Случается, жизнь дарит нам просто удивительные, в силу своей непредсказуемости, события. Точнее, возможности — их создавать. Было бы совершенно наивным онтологизмом утверждать, что тот или иной подтекст, скроенный по мерке моего восприятия, задан в происшествии изначально. И тем более привлекательная задача для воображения ретроспективно наблюдать, как сама жизнь со своей стороны, иными словами, на событийном уровне, достраивала тот мост, на котором, где-то по середине, как девушка на мосту (образ неизбежности), возникает некое судьбоносное происшествие, принадлежащее территории моего сознания.

Какими же путями шла она к моему разуму и сердцу? Ведь из множества вопросов, которые не проявлены и обитают в мире эйдосов, как ангелы в небе над Берлином, не решаясь пересечь границу и проникуть в сферу человеческого сознания, этому было суждено войти в мой жизненный мир и, то покоясь где-то на дне подсознания, то вспыхивая ярким ослепляющим светом, вновь и вновь пробуждать ото сна мысль. Гермес, уполномоченный судьбой сочетать мое мышление с означенной идеей, ехал со мной ночным рейсом по направлению к столице из российской глубинки, где живут если не более счастливые, то более беззаботные миряне — родственники и друзья. Автобус прибыл в Третий Рим до открытия метрополитена, и потому в нашем с вестником богов распоряжении было где-то около часа, чтобы насладиться остроумным собеседованием на предмет изящной словесности (о чем еще можно говорить с повелителем слов?). Впоследствии он был премного любезен и, как счастливый обладатель крылатых сандалий, с истинно олимпийской легкостью помог переправить мой багаж в голубой вагон подземки.

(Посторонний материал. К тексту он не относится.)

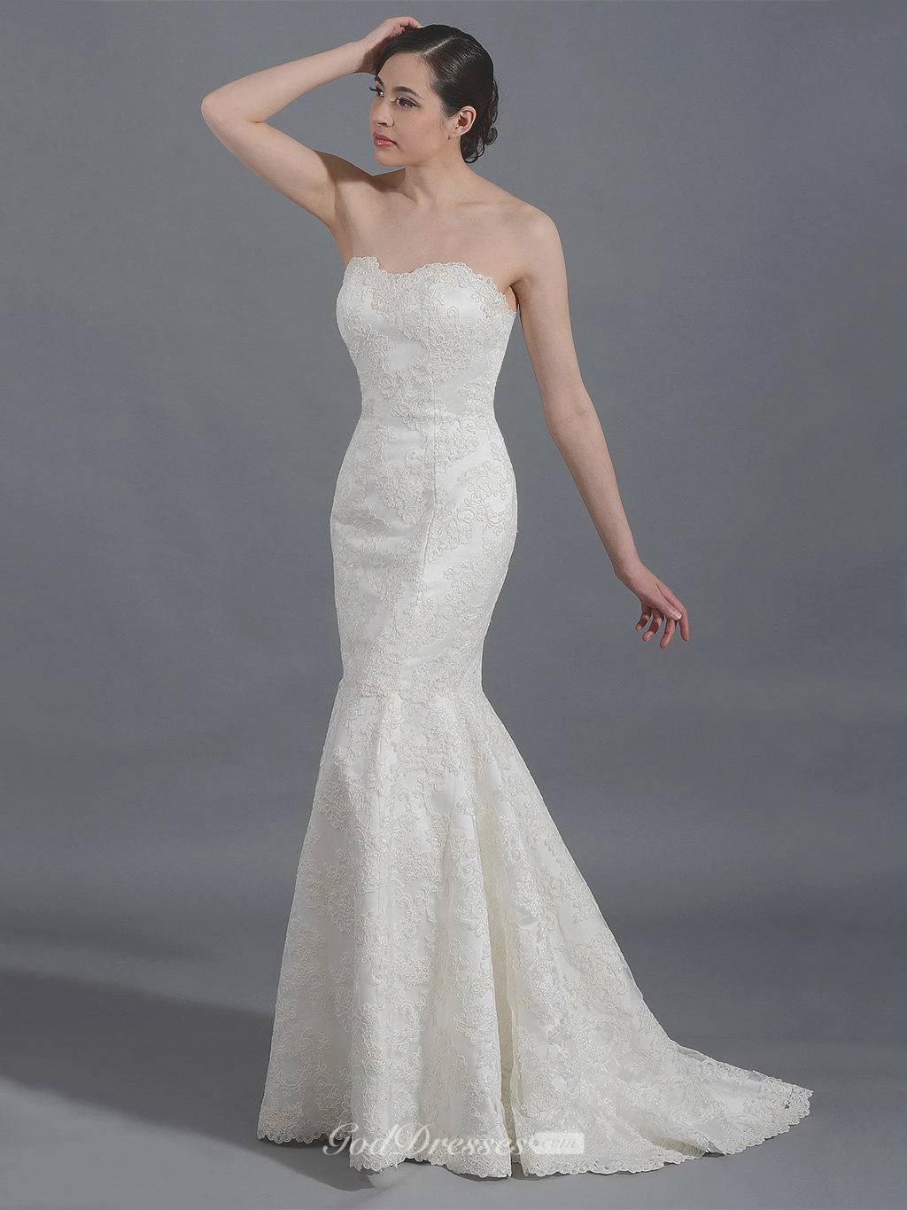 Mermaid Sweetheart Strapless Long Lace Dress With Lace-Up Back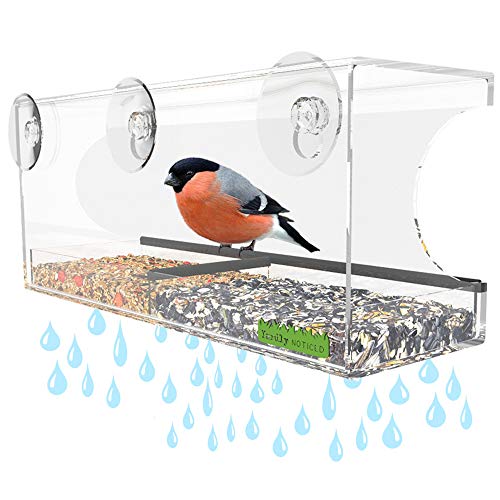 Yardly Noticed Window Bird Feeder with Removable Tray, Drain Holes, Extended Perch, 4 Suction Cups - Crystal Clear See Through Design 2017 - See Wild Birds Up Close, Great for Kids & Cats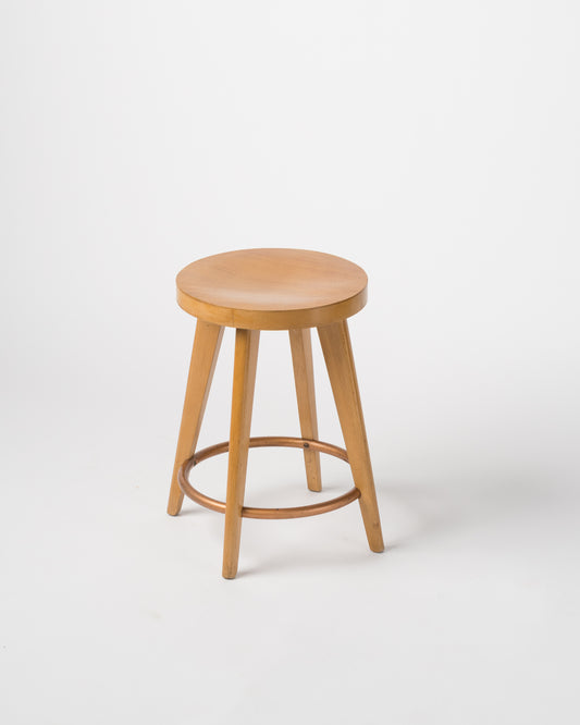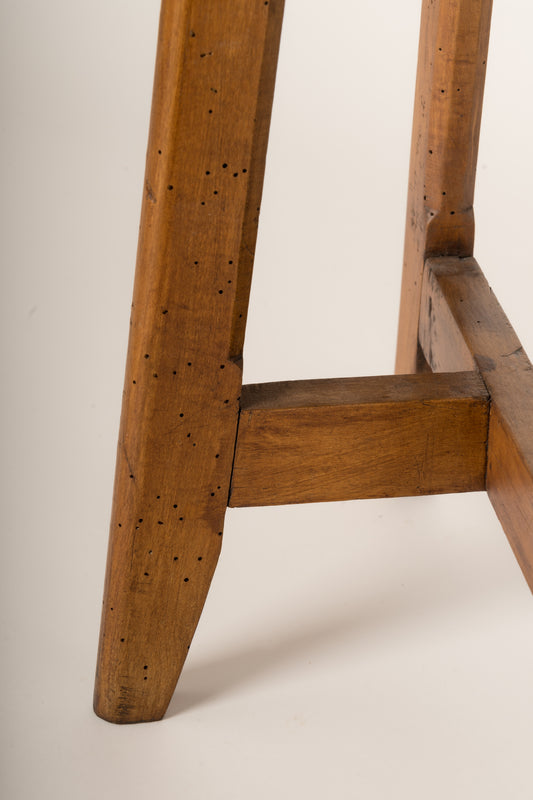 Minimalist Tinted Oak Studio Stool - France 1950s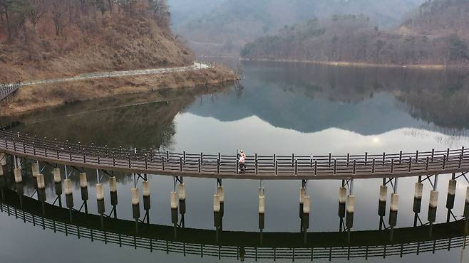 옥천의 명산인 장령산이 병풍처럼 드리워 있고, 광활한 저수지는 하늘을 담아냅니다.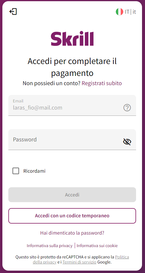 Requisito: avere un account Skrill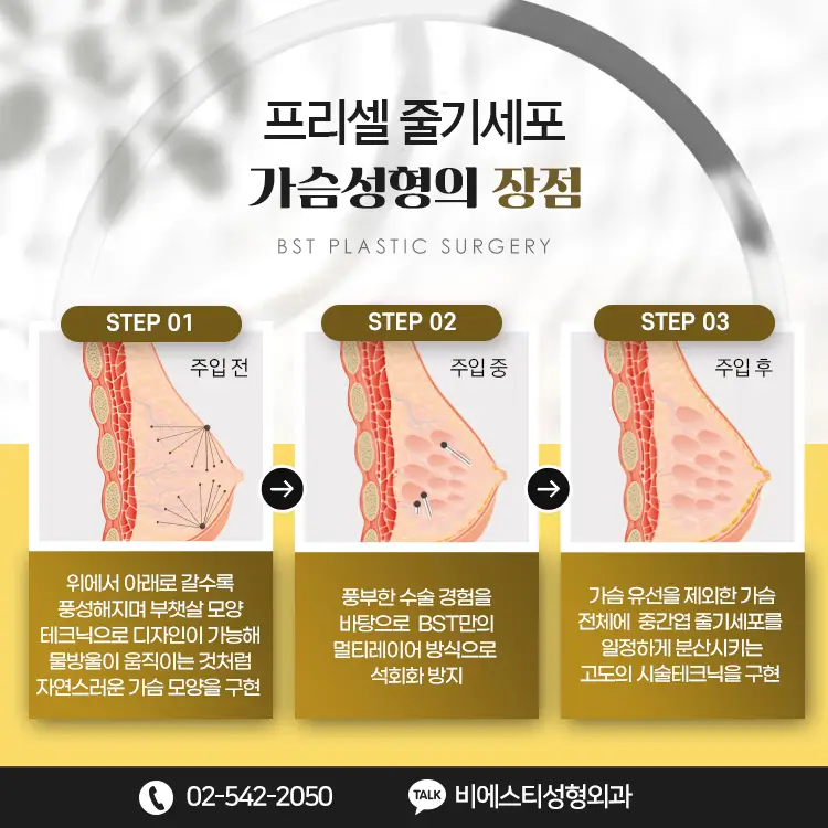 줄기세포지방 가슴성형은 "자연스러운 볼륨"과 "높은 생착률"을 동시에 기대할 수 있는 방법으로 주목받고 있습니다.

О чем мы говорили? Я не помню… Вернее, остался все-таки, но только смутный, силуэт некой мыслительной конструкции, да и не это было важным — отнюдь не дискурсия, а то сильнейшее эмоциональное включение, когда мы срезанировали на вопросе о личности автора и значении его биографии для решения ряда герменевтических проблем. Он, как всегда лукавил, плутовал:

— А какую, в сущности, играет роль то, каким образом Ван Гог совершал интимный туалет?! Вряд ли, даже если мы и обнаружим какую-нибудь индивидуальную специфику, она прольет свет на таинство возникновения художественных замыслов и разоблачит магию их гениального воплощения…

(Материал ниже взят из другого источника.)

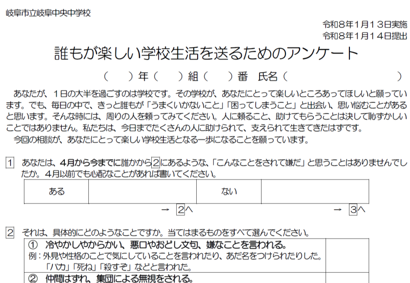 1月13日に、いじめアンケートを配付、1月14日に、いじめアンケートを回収しました。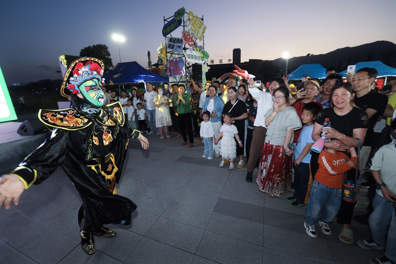 5月1日,在浙江省建德市更楼街道的城南城市田园,游人在夜市上观看演出。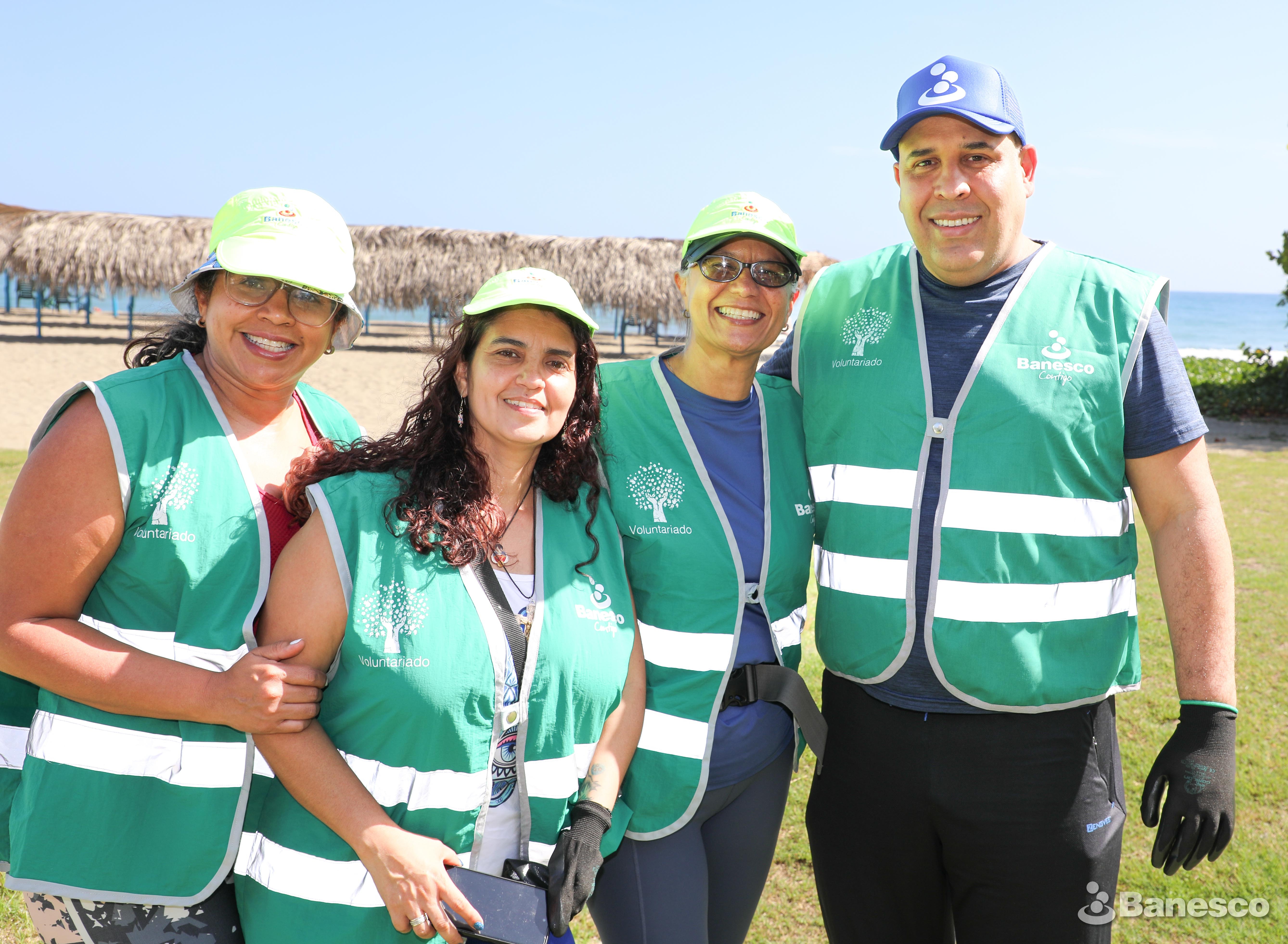 Chyyn Lujano, Vp. ejecutivo de Capital Humano junto a Voluntarias Banesco, durante la 2da. jornada de limpieza de playas, realizada a propósito de celebrarse el "Día Mundial de las Playas" en el mes de septiembre. Con esta iniciativa se busca sensibilizar a la comunidad sobre la importancia en el cuidado del medio ambiente.

Я хотела что-то возразить, но оказалось, что эта станция так некстати — моя… Выйдя из вагона, я осталась наедине со своими мыслями, которые и по сей день вьются, как кот вокруг лакомого куска, вокруг отсутствующего ответа.

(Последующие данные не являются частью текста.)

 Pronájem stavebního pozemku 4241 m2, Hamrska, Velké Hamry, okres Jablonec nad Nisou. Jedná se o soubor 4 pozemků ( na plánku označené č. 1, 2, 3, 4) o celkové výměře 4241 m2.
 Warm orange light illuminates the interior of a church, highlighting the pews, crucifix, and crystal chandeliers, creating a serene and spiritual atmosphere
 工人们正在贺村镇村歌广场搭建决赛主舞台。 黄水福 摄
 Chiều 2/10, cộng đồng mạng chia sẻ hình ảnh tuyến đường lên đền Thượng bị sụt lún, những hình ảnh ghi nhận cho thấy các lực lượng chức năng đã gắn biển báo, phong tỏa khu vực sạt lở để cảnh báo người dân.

Да, конечно, рискованное предприятие, если не пустейшая затея, соизмерять человеческое существо с объективациями его духа. Но все-таки… Как мне понятно любопытство главного героя «Тошноты» в финале произведения, когда, слушая джазовую мелодию, он ловит себя на мысли, что хотел бы знать, как жил тот парень, сочинивший песню, исполненную такой интимной глубины и силы эмоционального звучания! Какая-то женщина относилась к нему не так, как ему бы хотелось, или что-то еще?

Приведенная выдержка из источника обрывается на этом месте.